Penny stock scammers get rich luring inexperienced investors into investing in worthless companies and taking their money. There is a long list of of common penny stock scams that you should avoid.

Key Takeaways

  • The penny stock market is full of scams. Ignore the noise.
  • There are some interesting prospects, including "fallen angels" and promising newcomers.
  • Do your research, and don't spend more than you can afford to lose.

Pump-and-Dump Schemes

This fraud happens all the time. Promoters drum up interest in a little-known or unknown company. Inexperienced investors buy the shares, lifting the price. Once it reaches a certain inflated level, the bad guys sell, or dump, the stock at a huge profit. Investors are left high and dry.

These pump-and-dump schemes are often distributed through free penny stock newsletters. The publisher or the writer or both are paid to promote these dogs.

If you get a penny stock newsletter, read the fine print on its website. It may disclose a financial relationship with stock promoters.

Short-and-Distort Scams

This is the opposite of the pump-and-dump.

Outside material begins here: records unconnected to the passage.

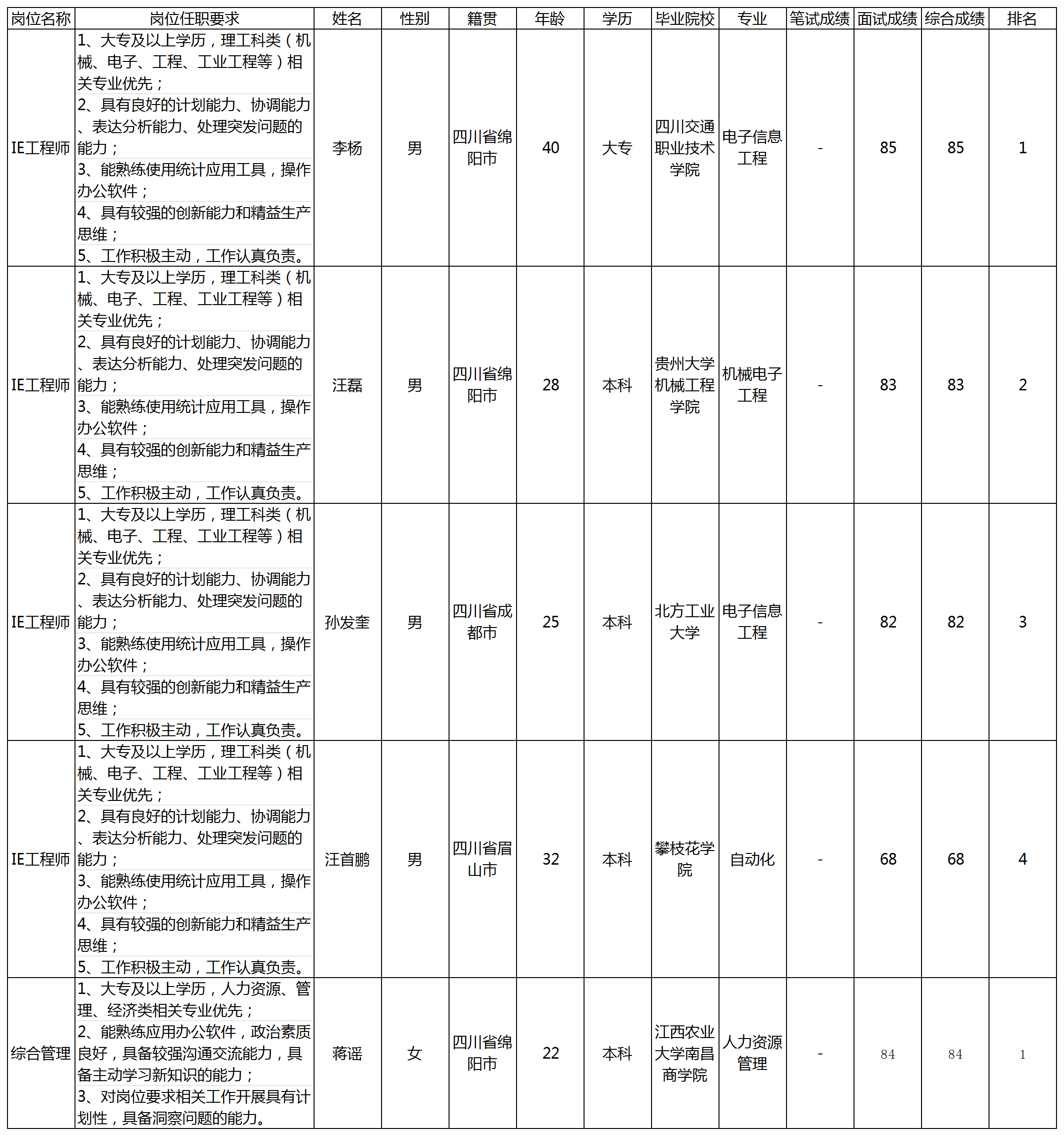 根據(jù)四川九州電子科技股份有限公司發(fā)布的招聘公告及招聘相關(guān)規(guī)定,經(jīng)筆試、面試等程序,現(xiàn)將筆試(面試)成績予以公示。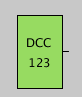 Het DCC blokje (toegevoegd in versie V1.2.0) kan worden gebruikt om een arduino via DCC aan te sturen. De uitgang Q wordt hoog als het corresponderende wisseladres recht wordt gezet en Q wordt laag als dit wisseladres krom wordt gezet.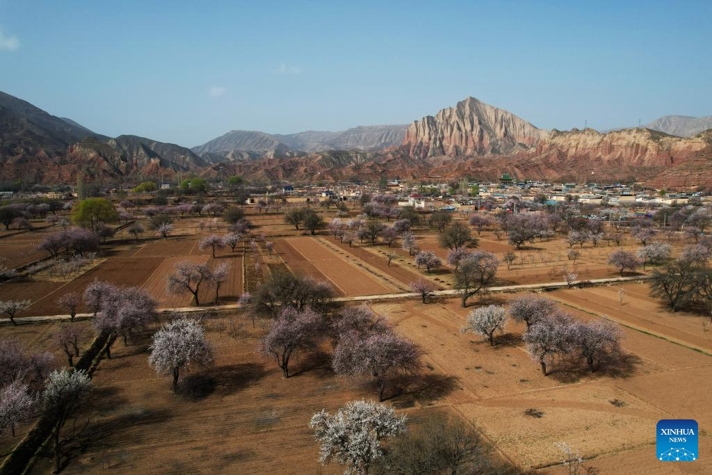 This photo taken on April 3, 2026 shows a view of apricot blossoms in Tangwang Town of Dongxiang Autonomous County, northwest China's Gansu Province. Apricot blossoms in Tangwang Town are in full bloom, attracting people for spring outings. With about 10,000 mu (667 hectares) of apricot trees, the town is leveraging this resource to develop local tourism industry. (Xinhua/Zhang Zhimin)

In this case, the scammers use short-selling to make a profit.

An investor who sells short is betting on a stock's price falling. Using the shorting strategy, the investor borrows shares from a broker and immediately sells them in the open market. If it price falls, the short seller scoops up shares at the lower price. The borrowed shares are then returned to the lender and the short-seller pockets the difference in profit.

Penny stock scammers short-sell a stock and then make sure its price falls by spreading false and damaging rumors about the company.

Investors hold a losing stock, while the short-sellers make money.

Reverse Merger Deceptions

Sometimes a private company merges itself with a public company so that it can become publicly traded without the hassle and expense of going through traditional listing methods. This makes it easy for the private company to falsify its earnings and inflate its stock price.

While some reverse mergers are legit, you can catch a reverse merger by reviewing the business’ history and detecting spotty activity in its merger.

Mining Scams

Gold, diamonds, and oil have always had an allure, and mining scams can be traced back through the history of mankind.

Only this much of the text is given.